Welcome, and happy posting!  :wavey:

And remember - people who say they're going to start an MA as soon as they get in shape, generally don't start... and don't get in shape, either!  The sooner you start any activity, the better off you'll be.  Good luck!


----------



## fnorfurfoot (Jun 4, 2007)

Welcome to the site.


----------



## arnisador (Jun 4, 2007)

Fang said:


> Im very interested in the full spectrum of /mA's as a whole but its hard for me to choose any specific style. Due to time and money constraints I'll probably want something that i can train in alone most of the time. I'm not sure where to go with that though...

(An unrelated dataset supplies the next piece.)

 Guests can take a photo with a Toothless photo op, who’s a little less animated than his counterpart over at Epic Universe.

Welcome! Definitely contact your local YMCA/Community Center/Senior Center (for Tai Chi)/college/etc. You'd be surprised what's available for cheap, esp. if you view the martial arts broadly and include boxing, wrestling, fencing, and so on. Also, go to a local martial arts store and check out their bulletin board. There may be garage martial artists or training groups that just get together once/week that are inexpensive.

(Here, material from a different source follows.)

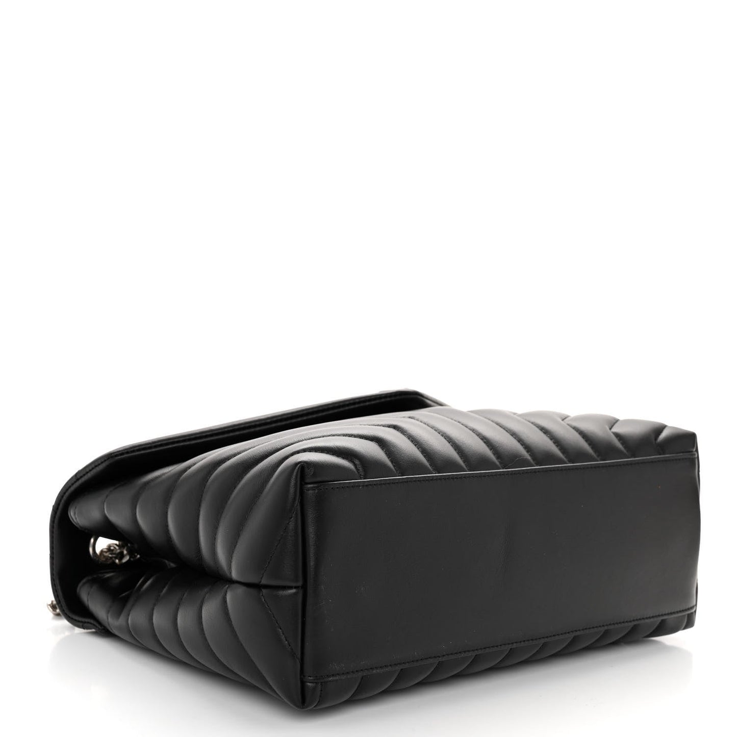 This is an authentic SAINT LAURENT Calfskin Y Quilted Monogram Medium Loulou Chain Satchel in Black. This shoulder bag is crafted of chevron quilted calfskin leather. The bag features an aged silver chain link shoulder strap with shoulder pads, and an aged silver YSL detail on the crossover flap. The bag opens to a partitioned black fabric interior with zipper pockets.Follow this item for alerts. Saint Laurent is a registered trademark of Saint Laurent. FASHIONPHILE is not affiliated with Saint Laurent.

You might find an art that you can study in class or in a private session once/week, then practice on a bag or with a weapon in the air at home. You might also post a more specific location for more help!


----------



## theletch1 (Jun 4, 2007)

Welcome aboard!  Good luck in your search and keep us posted.


----------



## terryl965 (Jun 4, 2007)

Welcome and happy posting


----------



## Steel Tiger (Jun 4, 2007)

Welcome to MartialTalk.  Hope you find that something to help you.


----------



## Hawke (Jun 4, 2007)

Greetings Fang!

Welcome to Martial Talk (MT).

Look around your neighborhood for a MA school.  Make an appointment to meet your local instructors (even if you never heard of the style).  The instructor is more important than the style (my opinion, then again I'm a noob).  

Ask for a free class. 
How do you feel about the class?
Do you get along with the other students?
Is the drive short enough that you will attend 3-4 times a week?

Drop down in the Beginner's Corner and read the sticky about "CHOOSING A SCHOOL" (or click on this link...leads to the same place).

Peace Man.


----------



## seasoned (Jun 5, 2007)

Greetings and welcome aboard.


----------



## Ping898 (Jun 5, 2007)

Welcome to MT  :wavey:


----------



## Shaderon (Jun 5, 2007)

Welcome to the board, plenty of good advice here, I'd follow all of it, just have a good look around at what's available in your area and available for more classes than one a week if and when you decide to do that.  

Good luck and delve into conversations here, it'll teach you a lot.


----------



## ArmorOfGod (Jun 5, 2007)

Welcome to the group.

AoG


----------



## kidswarrior (Jun 7, 2007)

Welcome, and thanks for sharing some things about yourself. Arnisidor and Hawke have some excellent suggestions. Great place to start.


----------